We then pan to Bradbury, Idaho, a small town suddenly sparking to life, and we close the series with one final allusion to The Stand: a mass of people drawn to a gleaming settlement in the wasteland by dreams and the image of a grinning man. True, the grinning man in question has more in common with Pennywise than with Randall Flagg, but that doesn’t change the genuine creepiness of that final shot, the idea of an otherworldly threat rearing its head after everyone’s been worn down to the bone fighting the corporeal one. Disappointingly, it sets the stage for a war that we’ll never get to see the results of, and it leaves the sad impression that roughly half of this season was intended as buildup to a far more interesting and freaky narrative.
It’s remarkable to feel the difference that a year can make for a show. After the awful first season finale, a Revolution cancellation would have felt like a mercy killing, and now, it’s a frustration because the show had finally managed to right itself and found untapped ground. It was never going to be a perfect show—there was always an inherent messiness to its plotting that even this second season was unable to remedy—but in managing to become fun, it remedied its biggest problem. Revolution will no longer be televised, but in its passing, it pulled off a trick that I never would have dreamed possible a year ago: I’ll miss it now that it’s gone.
Episode grade: B+
Season grade: B
Series grade: B
Stray observations:
- Some standout moments from the unreviewed episodes: the jarring tonal shift of the “Dreamcatcher” alternate reality, the shock of Jason’s death via Charlie and the subsequent display of grief from Esposito, Miles’ long dark night of the soul when he was trapped in the cellar in “$#!& Happens.” (The latter of which finally explained why Miles burned down that shed back in the season premiere, a consequence of the nanites’ experimentation.)
- Re: my comment about the redemption of David Lyons: What I suppose I’m really saying is that NBC needs to bring back The Cape.

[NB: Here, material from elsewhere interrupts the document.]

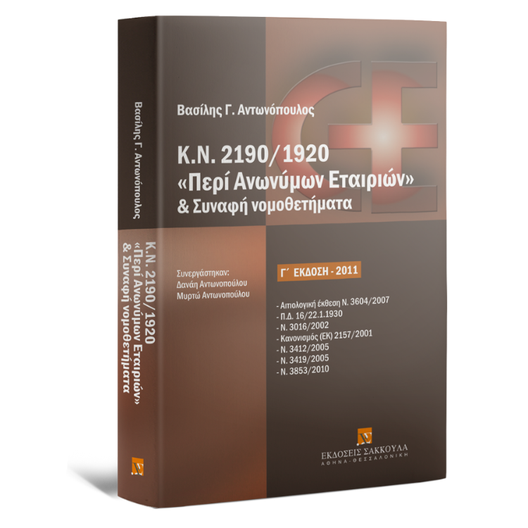 Β. Αντωνόπουλος, Κ.Ν. 2190/1920 «Περί Ανωνύμων Εταιριών & συναφή νομοθετήματα», 3η έκδ., 2011

Seriously, bring it back as a limited event miniseries and pair it with the Heroes reboot, just to see what would happen! Keith David is also (sadly) available these days.

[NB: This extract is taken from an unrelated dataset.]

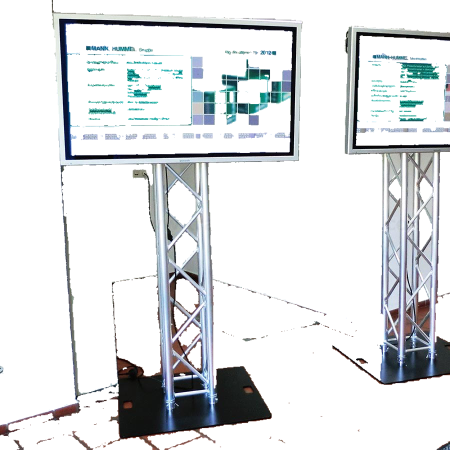 TV Tover mit Bodenplatte 2m traverse und 65 Zoll TV

- More seriously, there were some good performers in the cast who will hopefully move onto better things. Billy Burke made for a convincing world-weary action hero, Esposito revealed himself capable of more depths of grief than even Breaking Bad allowed him, and even Tracy Spiridakos proved herself not a lost cause.
- “We’re doing this for Marion, and for Jason, and for everyone else those sons of bitches took.” “You know who makes speeches like that? People about to die.” “Good point.”
- “I still get to cut your throat and watch you bleed out. So speaking as one leader to another, that is one hell of a consolation prize.”
- “What happens when summer’s over?” “Uh, we win.”
- Thanks to everyone for reading, particularly those of you who followed me over the season-and-a-half of regular coverage. I’m glad I had the chance to come back for one last hurrah, and sorry I won’t get a chance to embark on what could have been a loopy third season. RIP, Revolution, it was fun to bury and praise you at various times.